### [What you should do]
Write out only the lines from the start of the entries up to and including the line with "Accediendo desde cualquiera"; please skip the pictures.

### [Material for this task]
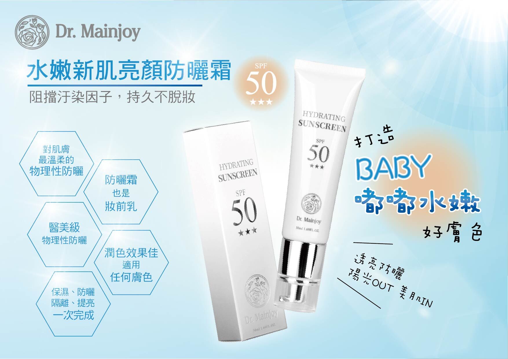 打造BABY嘟嘟水嫩好膚色,透亮防曬,陽光OUT!美肌IN!
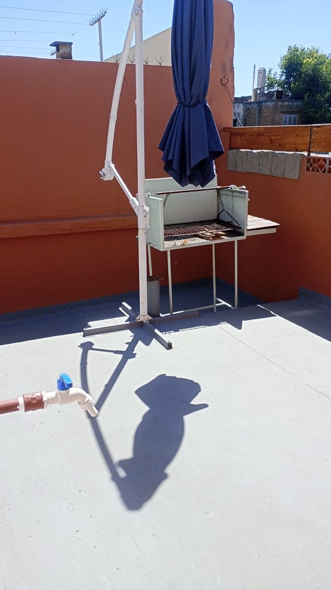 Accediendo desde cualquiera de los dos patios, tanto el primer patio que es cubierto, como el segundo patio que es descubierto, nos encontramos con la UNIDAD COMPLEMENTARIA "I", que se encuentra distribuida de la siguiente manera: PATIO 4.5 m x 3.5 m, DORMITORIO 5 x 3 m, con placard, y HALL de distribución de 5 x 2 m.
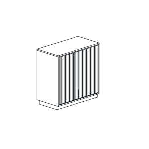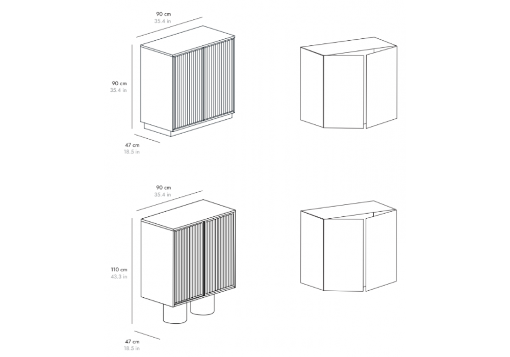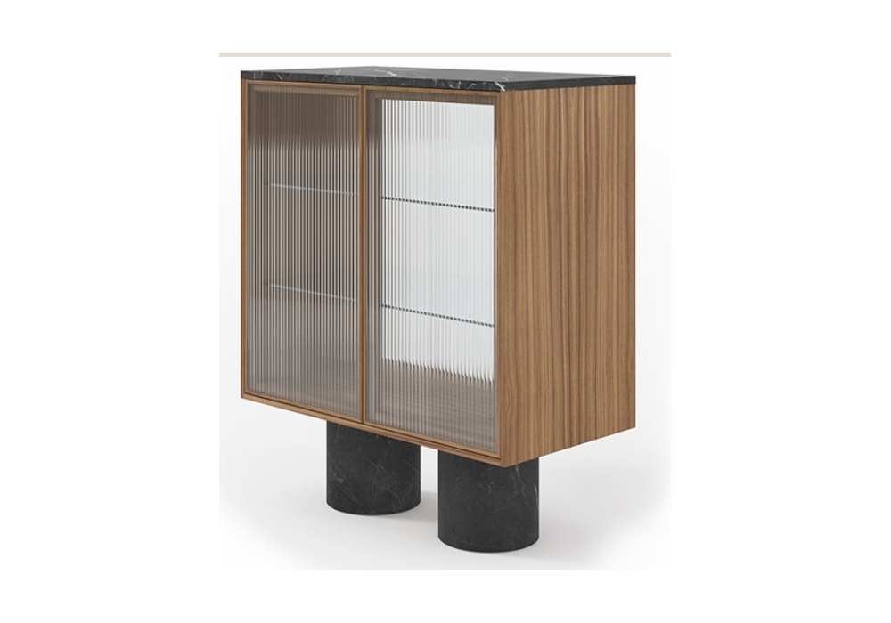 Rio firmata da Sebastian Herkner per Punt è una credenza con struttura in MDF con impiallacciatura in legno di noce, piano e piedi in marmo Marquina ed ante a battente senza maniglie realizzate in legno massiccio e vetro temperato ondulato. Ogni modulo comprende un ripiano interno in vetro temperato con fissaggio al centro.
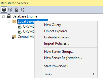 So now, you can run this query against multiple instances. There are many ways to do this, but the easiest way to do it is to use the Registered Servers in SSMS. Here, I have all my servers listed and I can right click the folder they are in and select New Query.
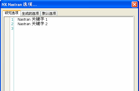 NX Nastran 关键字编辑器是一种多选项卡式的文本编辑窗口,供高级用户查看默认处理选项,以及将用户定义的关键字和值添加到 Study Name.rcx 文件中并进行编辑。此编辑器显示三个选项卡:
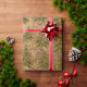 Abstract gold paper and sparkly gold Christmas tree on wrapping paper.
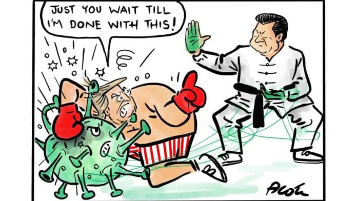 In today’s featured cartoon, Alok Nirantar alludes to the brewing tension between US and China over the coronavirus crisis.
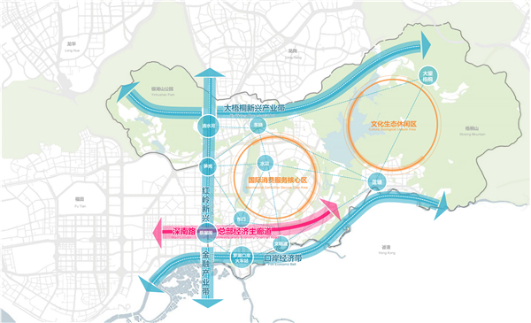 “一主”是以深南東路為中軸線,高起點(diǎn)打造總部經(jīng)濟(jì)主廊道?!皟蓞^(qū)”是高品質(zhì)建設(shè)國(guó)際消費(fèi)服務(wù)核心區(qū)和文化生態(tài)休閑區(qū)。“三帶”是高能級(jí)規(guī)劃深港口岸經(jīng)濟(jì)帶、紅嶺新興金融產(chǎn)業(yè)帶和大梧桐新興產(chǎn)業(yè)帶。
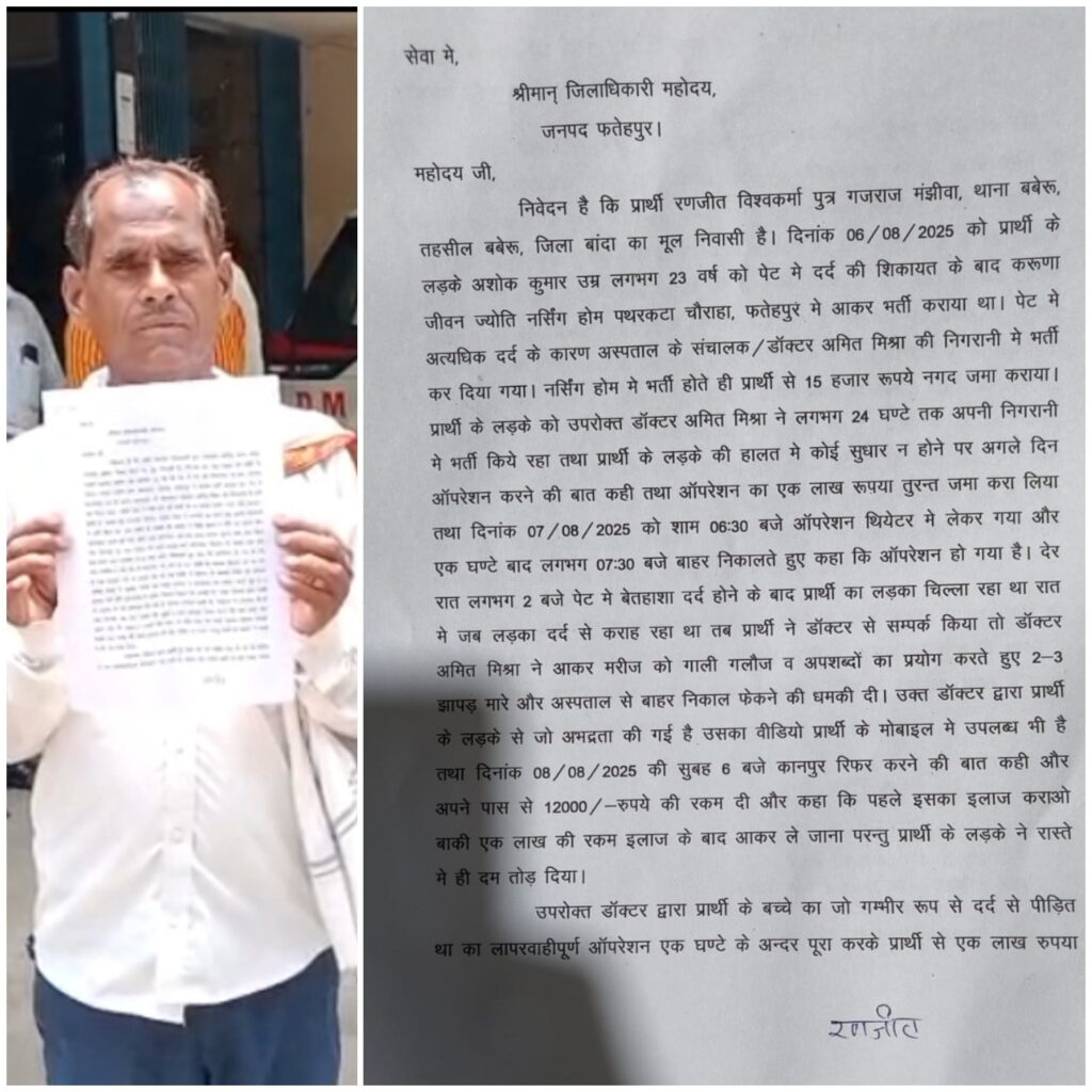 Fatehpur: जिले के सदर कोतवाली क्षेत्र स्थित करूणा जीवन ज्योति अस्पताल पर एक बार फिर लापरवाही का गंभीर आरोप लगा है। जानकारी के मुताबिक, सात अगस्त को एक युवक का पेट का ऑपरेशन अस्पताल में किया गया था, लेकिन आरोप है कि ऑपरेशन गैर-डिग्रीधारी व्यक्ति ने किया।
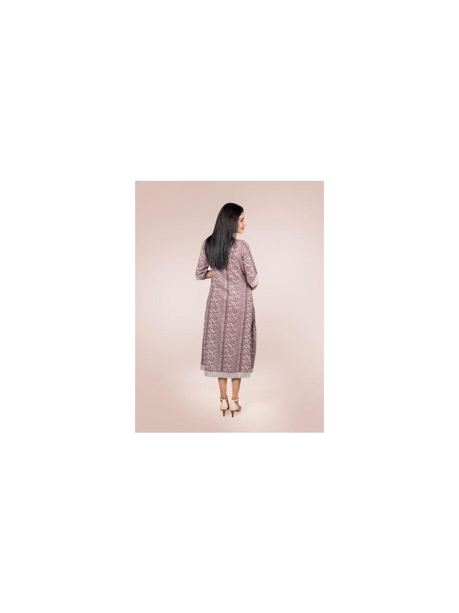 A Printed rayon asymmetrical A line dress with round neck and 3/4th petal sleeve. Concealed zip opening is attached on both sides are suitable for both maternity and nursing period.
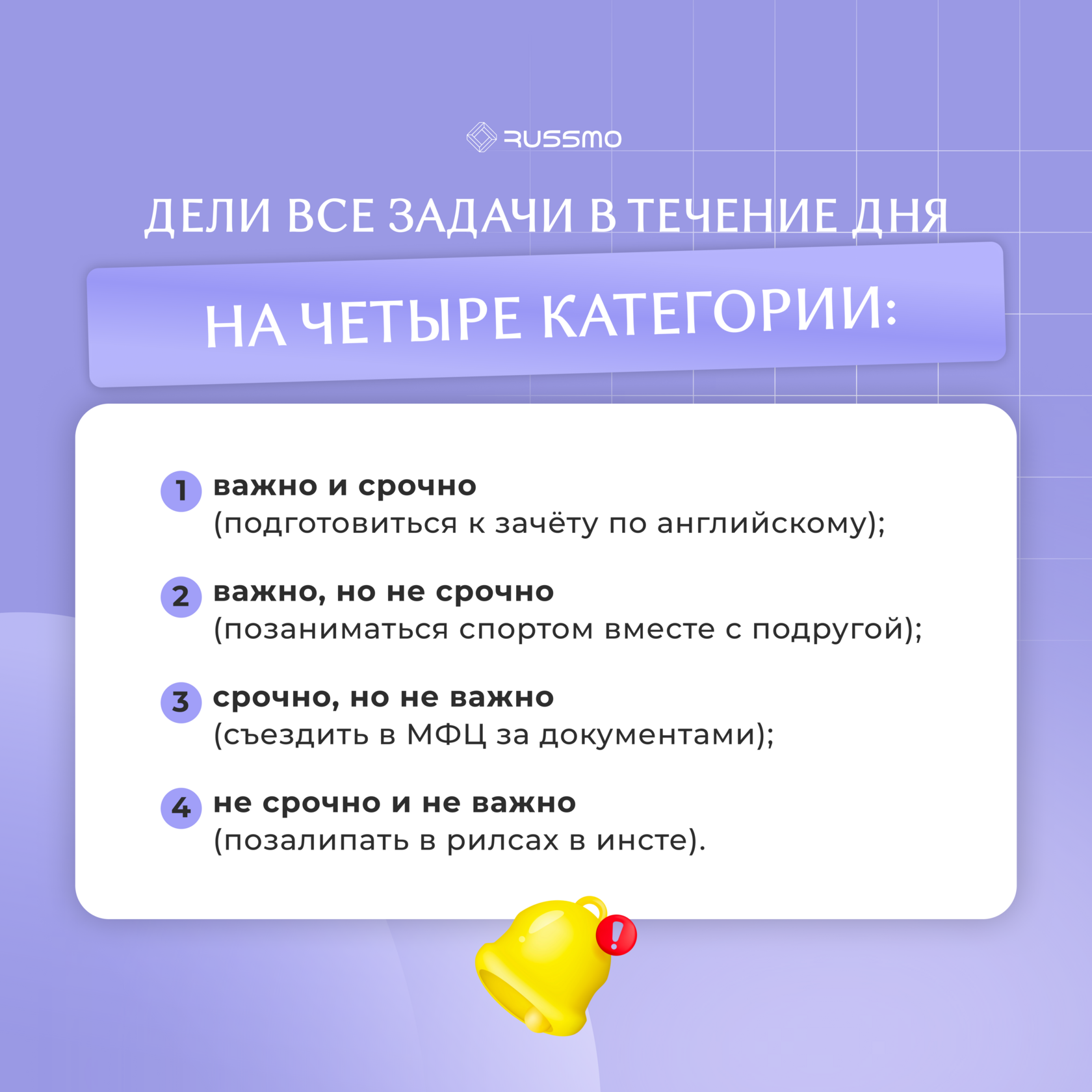 Каждое утро перед началом дня дели подобным образом все задачи на день, так ты сразу будешь видеть, на что должен быть направлен твой главный фокус в течение дня, а что можно будет сделать чуть позже.

### [Response to this task]
 打造BABY嘟嘟水嫩好膚色,透亮防曬,陽光OUT!美肌IN!
 Accediendo desde cualquiera de los dos patios, tanto el primer patio que es cubierto, como el segundo patio que es descubierto, nos encontramos con la UNIDAD COMPLEMENTARIA "I", que se encuentra distribuida de la siguiente manera: PATIO 4.5 m x 3.5 m, DORMITORIO 5 x 3 m, con placard, y HALL de distribución de 5 x 2 m.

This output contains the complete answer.